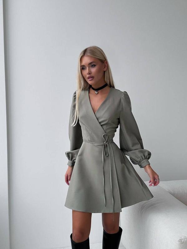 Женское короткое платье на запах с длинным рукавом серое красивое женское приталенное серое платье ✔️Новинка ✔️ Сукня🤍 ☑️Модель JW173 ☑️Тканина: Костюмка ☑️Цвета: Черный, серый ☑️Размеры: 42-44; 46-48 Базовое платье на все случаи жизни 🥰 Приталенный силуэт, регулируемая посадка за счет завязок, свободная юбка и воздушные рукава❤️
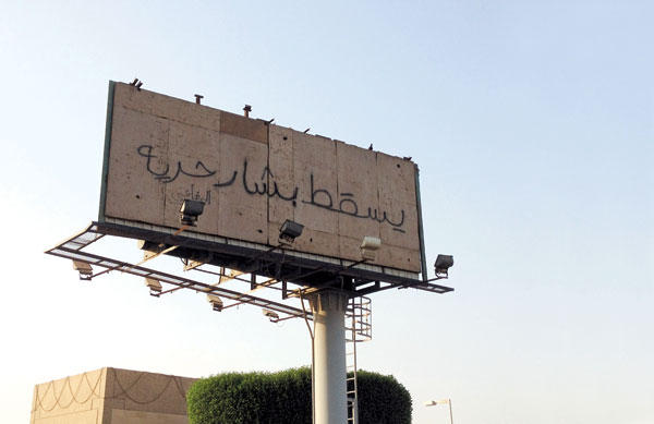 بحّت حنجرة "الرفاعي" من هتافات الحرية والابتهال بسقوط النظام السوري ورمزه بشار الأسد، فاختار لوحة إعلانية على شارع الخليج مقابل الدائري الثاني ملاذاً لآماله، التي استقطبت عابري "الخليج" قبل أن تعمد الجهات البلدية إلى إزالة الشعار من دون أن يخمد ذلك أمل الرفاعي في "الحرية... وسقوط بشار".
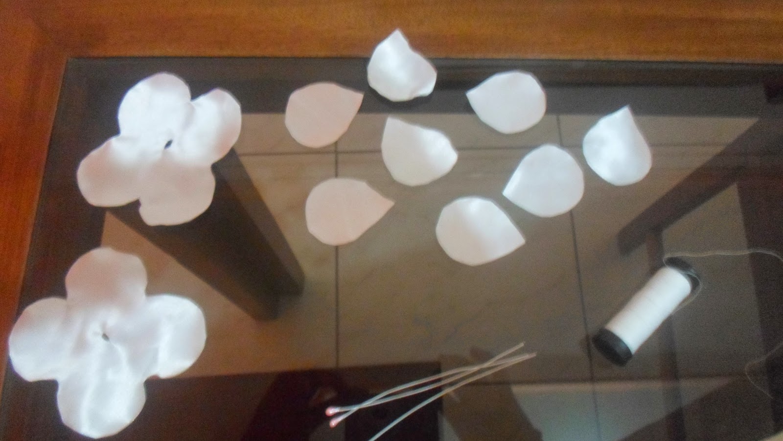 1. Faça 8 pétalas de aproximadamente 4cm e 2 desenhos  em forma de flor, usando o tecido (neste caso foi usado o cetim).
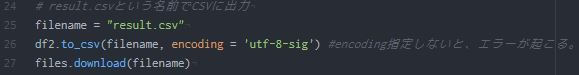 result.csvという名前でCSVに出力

...

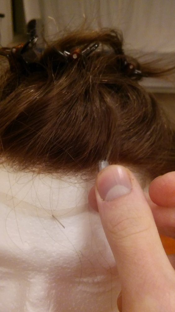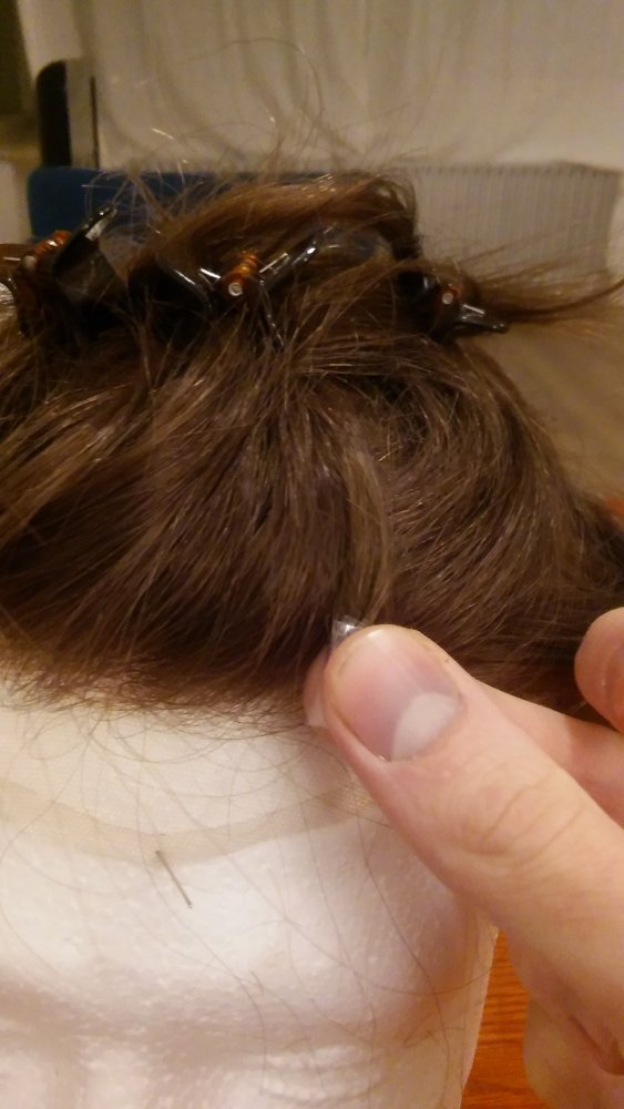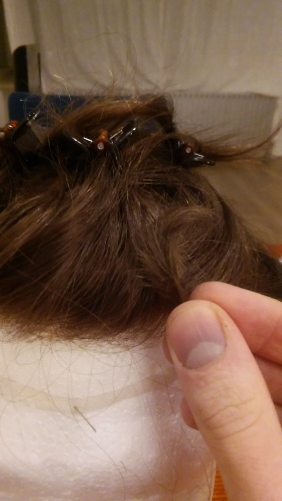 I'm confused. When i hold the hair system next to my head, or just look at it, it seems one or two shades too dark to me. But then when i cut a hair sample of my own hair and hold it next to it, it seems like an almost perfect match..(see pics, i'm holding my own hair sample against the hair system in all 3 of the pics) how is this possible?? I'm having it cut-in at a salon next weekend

* * *

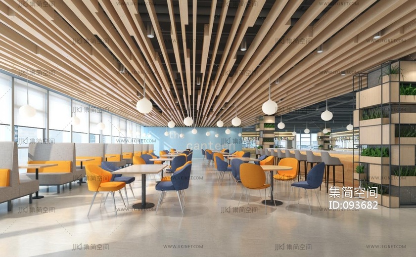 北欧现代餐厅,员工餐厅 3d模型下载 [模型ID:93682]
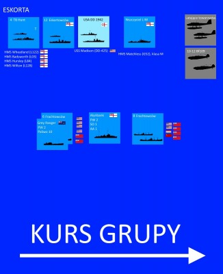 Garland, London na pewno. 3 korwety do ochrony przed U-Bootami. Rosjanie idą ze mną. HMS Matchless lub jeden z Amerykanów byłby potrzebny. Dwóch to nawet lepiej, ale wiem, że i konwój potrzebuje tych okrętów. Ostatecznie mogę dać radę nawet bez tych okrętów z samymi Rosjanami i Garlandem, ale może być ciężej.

▶ **REQUIRED ACTION**
Set the pictures aside and reproduce exactly the lines above, from the line holding "Женское короткое платье" through the line holding "result.csvという名前でCSVに出力", both included, with nothing else.

▶ **EXERCISE RESULT**
 Женское короткое платье на запах с длинным рукавом серое красивое женское приталенное серое платье ✔️Новинка ✔️ Сукня🤍 ☑️Модель JW173 ☑️Тканина: Костюмка ☑️Цвета: Черный, серый ☑️Размеры: 42-44; 46-48 Базовое платье на все случаи жизни 🥰 Приталенный силуэт, регулируемая посадка за счет завязок, свободная юбка и воздушные рукава❤️
 بحّت حنجرة "الرفاعي" من هتافات الحرية والابتهال بسقوط النظام السوري ورمزه بشار الأسد، فاختار لوحة إعلانية على شارع الخليج مقابل الدائري الثاني ملاذاً لآماله، التي استقطبت عابري "الخليج" قبل أن تعمد الجهات البلدية إلى إزالة الشعار من دون أن يخمد ذلك أمل الرفاعي في "الحرية... وسقوط بشار".
 1. Faça 8 pétalas de aproximadamente 4cm e 2 desenhos  em forma de flor, usando o tecido (neste caso foi usado o cetim).
 result.csvという名前でCSVに出力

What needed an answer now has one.